Data section:
========

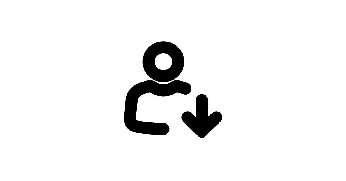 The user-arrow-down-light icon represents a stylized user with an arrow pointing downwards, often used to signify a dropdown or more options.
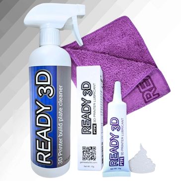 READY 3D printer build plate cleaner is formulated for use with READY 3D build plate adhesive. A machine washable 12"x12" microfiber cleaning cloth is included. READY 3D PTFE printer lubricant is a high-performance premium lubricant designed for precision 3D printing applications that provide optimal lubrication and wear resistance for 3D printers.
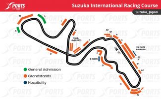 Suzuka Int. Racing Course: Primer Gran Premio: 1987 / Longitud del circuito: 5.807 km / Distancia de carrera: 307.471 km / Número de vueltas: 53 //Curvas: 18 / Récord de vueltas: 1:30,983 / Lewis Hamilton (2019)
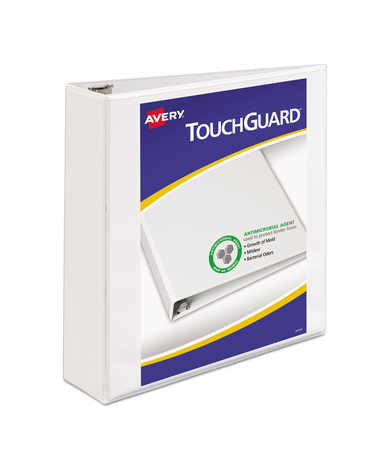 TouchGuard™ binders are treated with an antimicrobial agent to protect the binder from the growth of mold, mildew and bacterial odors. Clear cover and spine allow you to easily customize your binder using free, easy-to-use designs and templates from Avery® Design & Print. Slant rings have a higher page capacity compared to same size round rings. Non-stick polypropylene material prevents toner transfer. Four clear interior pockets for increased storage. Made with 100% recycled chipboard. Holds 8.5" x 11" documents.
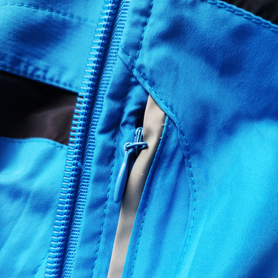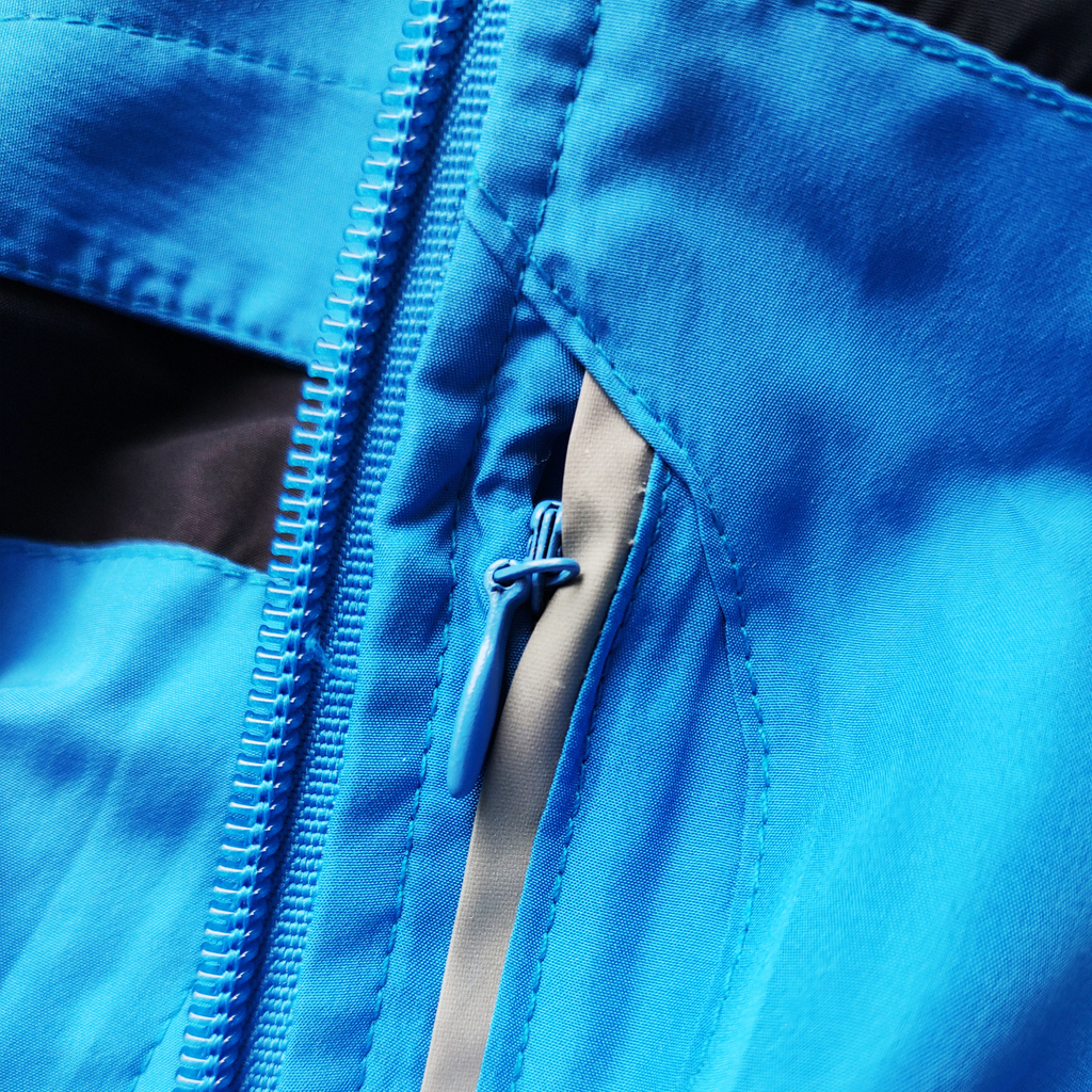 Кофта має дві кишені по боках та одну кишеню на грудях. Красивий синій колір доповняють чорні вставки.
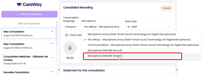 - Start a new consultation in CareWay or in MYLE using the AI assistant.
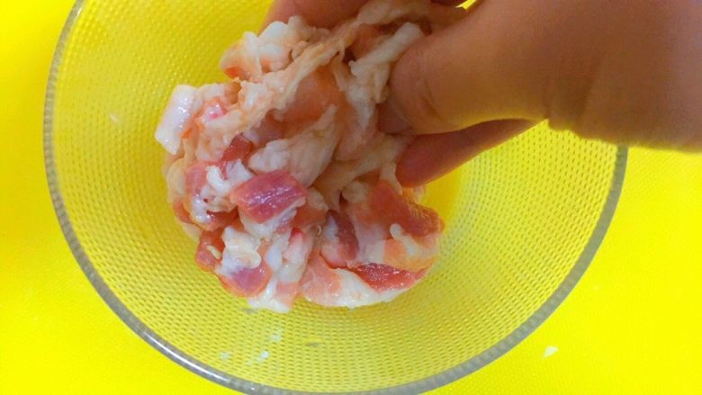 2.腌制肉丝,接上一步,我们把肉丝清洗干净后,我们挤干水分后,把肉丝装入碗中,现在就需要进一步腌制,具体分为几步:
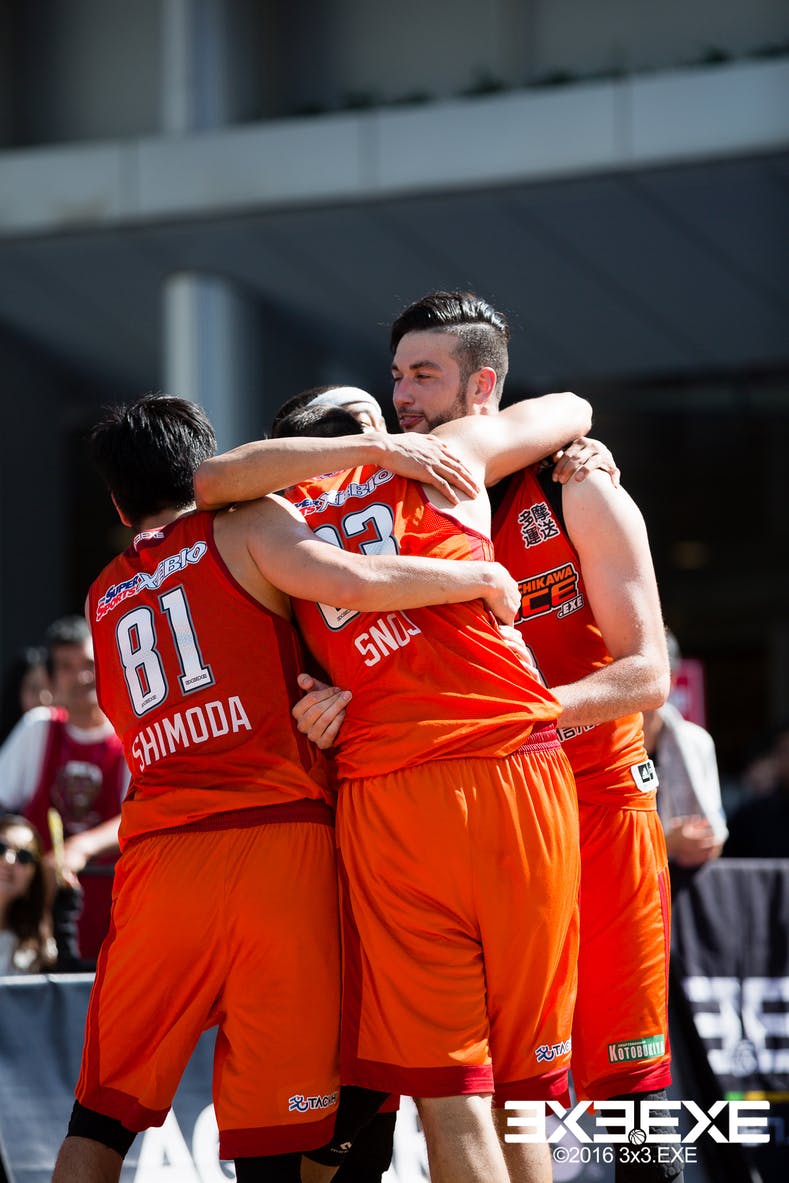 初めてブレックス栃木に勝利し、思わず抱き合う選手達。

========

Problem statement: In the material above, repeat each entry exactly and omit every picture.

Task solution:
 The user-arrow-down-light icon represents a stylized user with an arrow pointing downwards, often used to signify a dropdown or more options.
 READY 3D printer build plate cleaner is formulated for use with READY 3D build plate adhesive. A machine washable 12"x12" microfiber cleaning cloth is included. READY 3D PTFE printer lubricant is a high-performance premium lubricant designed for precision 3D printing applications that provide optimal lubrication and wear resistance for 3D printers.
 Suzuka Int. Racing Course: Primer Gran Premio: 1987 / Longitud del circuito: 5.807 km / Distancia de carrera: 307.471 km / Número de vueltas: 53 //Curvas: 18 / Récord de vueltas: 1:30,983 / Lewis Hamilton (2019)
 TouchGuard™ binders are treated with an antimicrobial agent to protect the binder from the growth of mold, mildew and bacterial odors. Clear cover and spine allow you to easily customize your binder using free, easy-to-use designs and templates from Avery® Design & Print. Slant rings have a higher page capacity compared to same size round rings. Non-stick polypropylene material prevents toner transfer. Four clear interior pockets for increased storage. Made with 100% recycled chipboard. Holds 8.5" x 11" documents.
 Кофта має дві кишені по боках та одну кишеню на грудях. Красивий синій колір доповняють чорні вставки.
 - Start a new consultation in CareWay or in MYLE using the AI assistant.
 2.腌制肉丝,接上一步,我们把肉丝清洗干净后,我们挤干水分后,把肉丝装入碗中,现在就需要进一步腌制,具体分为几步:
 初めてブレックス栃木に勝利し、思わず抱き合う選手達。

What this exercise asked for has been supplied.